Without including any images, output the listing below exactly.

### [RECORDED DATA]

((

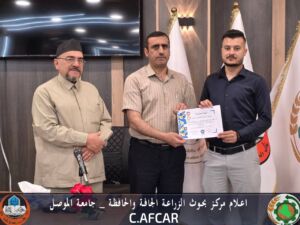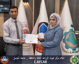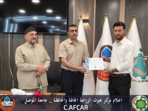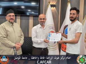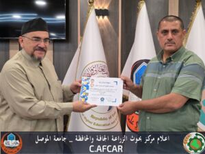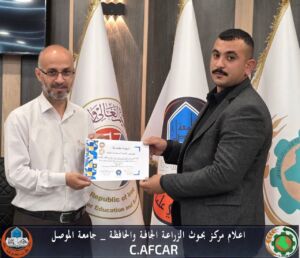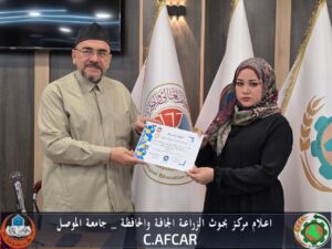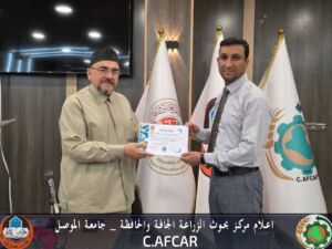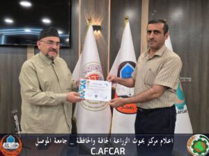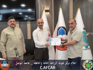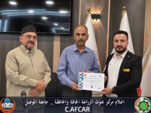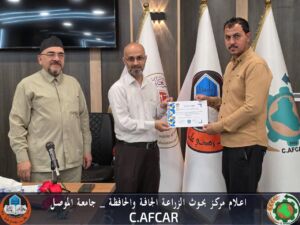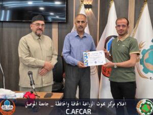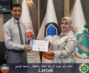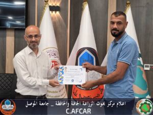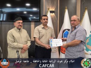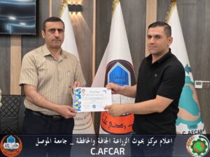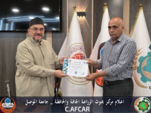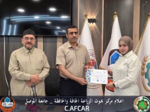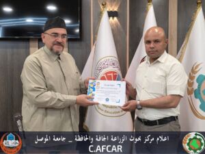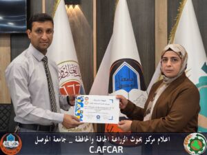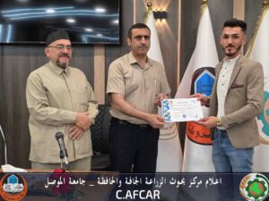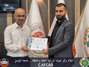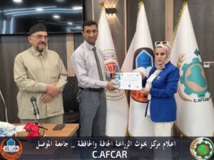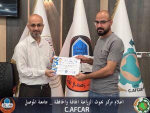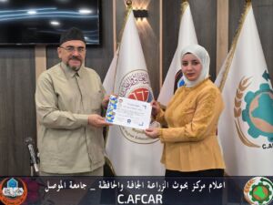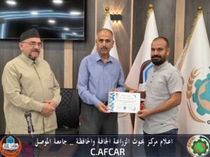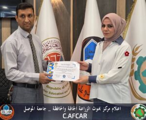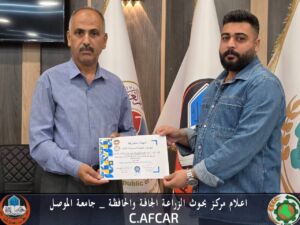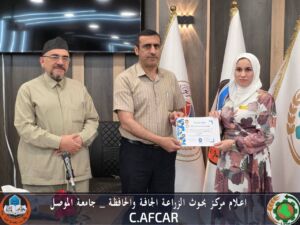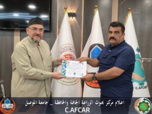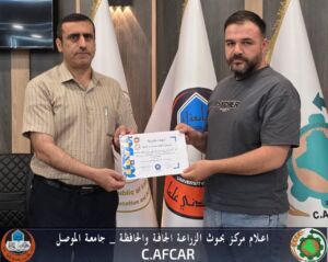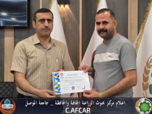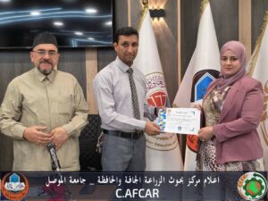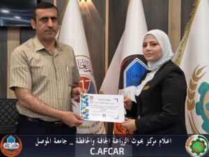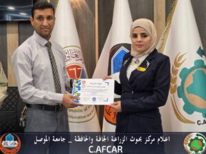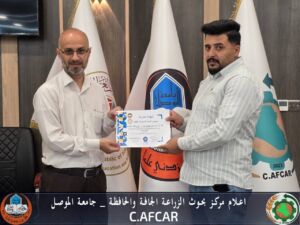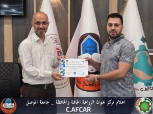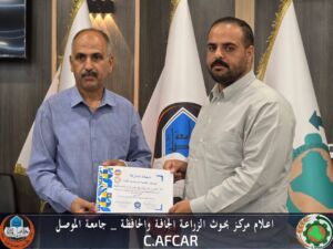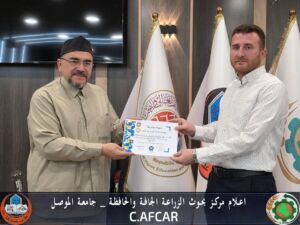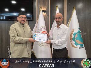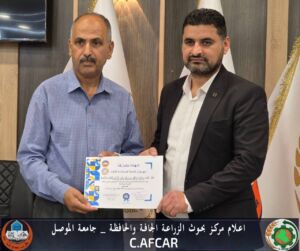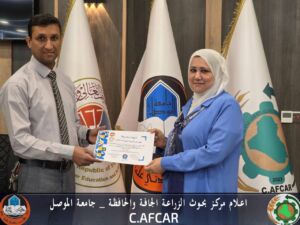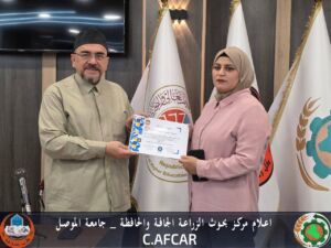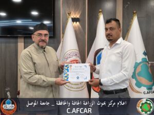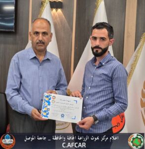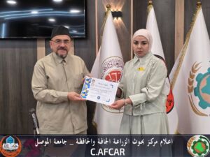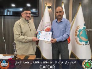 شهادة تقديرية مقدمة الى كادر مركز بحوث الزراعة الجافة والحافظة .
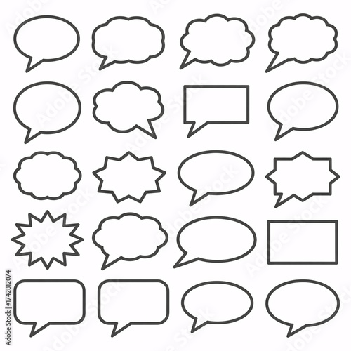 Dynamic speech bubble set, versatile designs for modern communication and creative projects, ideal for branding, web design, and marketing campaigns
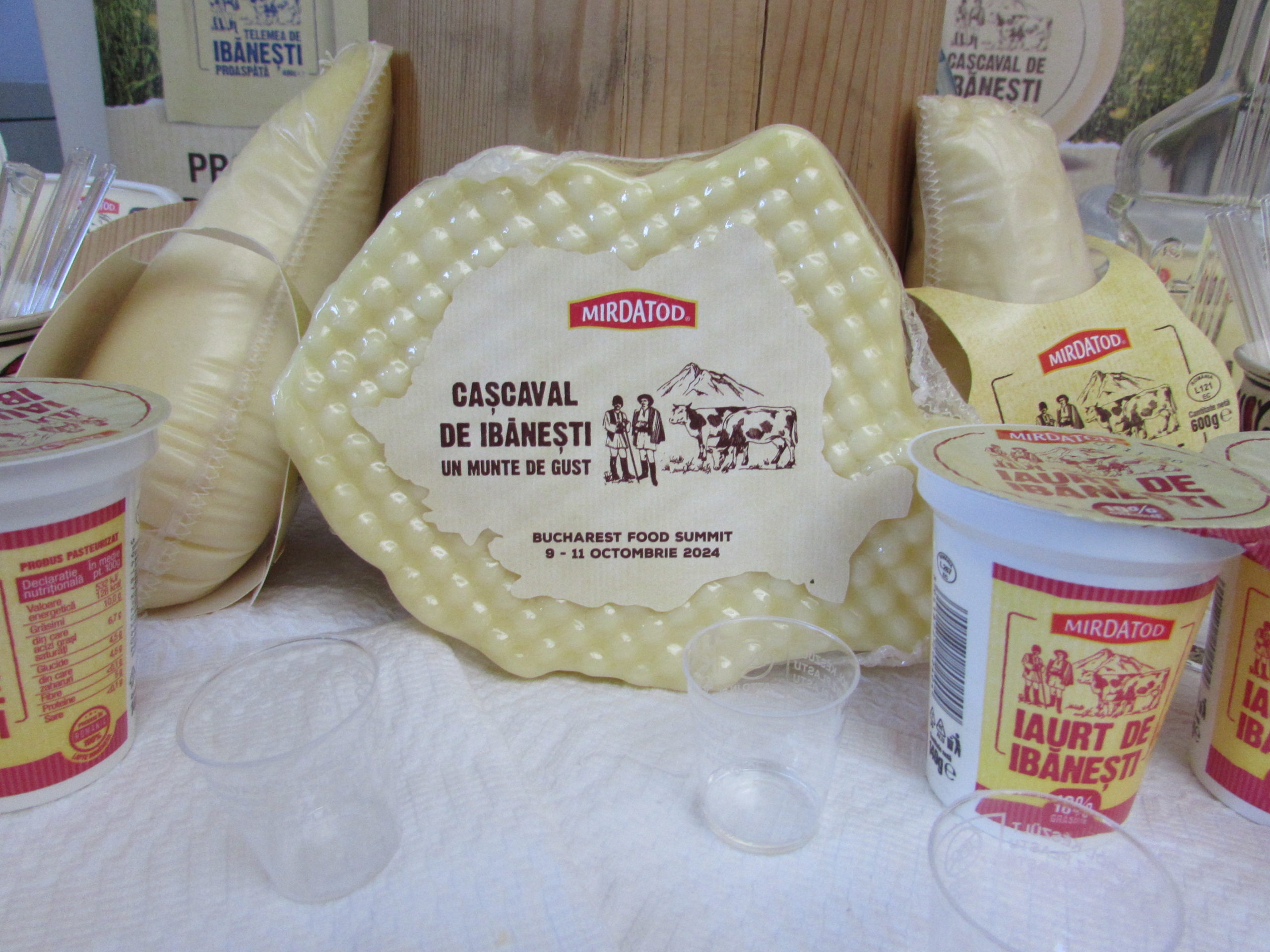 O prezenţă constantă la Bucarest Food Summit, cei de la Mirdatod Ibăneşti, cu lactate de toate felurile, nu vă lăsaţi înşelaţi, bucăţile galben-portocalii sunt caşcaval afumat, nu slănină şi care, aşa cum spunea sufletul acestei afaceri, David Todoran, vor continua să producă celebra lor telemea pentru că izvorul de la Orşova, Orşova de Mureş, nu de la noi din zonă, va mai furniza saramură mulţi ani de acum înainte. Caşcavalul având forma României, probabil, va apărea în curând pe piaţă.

))

### [TASK RESPONSE]
 شهادة تقديرية مقدمة الى كادر مركز بحوث الزراعة الجافة والحافظة .
 Dynamic speech bubble set, versatile designs for modern communication and creative projects, ideal for branding, web design, and marketing campaigns
 O prezenţă constantă la Bucarest Food Summit, cei de la Mirdatod Ibăneşti, cu lactate de toate felurile, nu vă lăsaţi înşelaţi, bucăţile galben-portocalii sunt caşcaval afumat, nu slănină şi care, aşa cum spunea sufletul acestei afaceri, David Todoran, vor continua să producă celebra lor telemea pentru că izvorul de la Orşova, Orşova de Mureş, nu de la noi din zonă, va mai furniza saramură mulţi ani de acum înainte. Caşcavalul având forma României, probabil, va apărea în curând pe piaţă.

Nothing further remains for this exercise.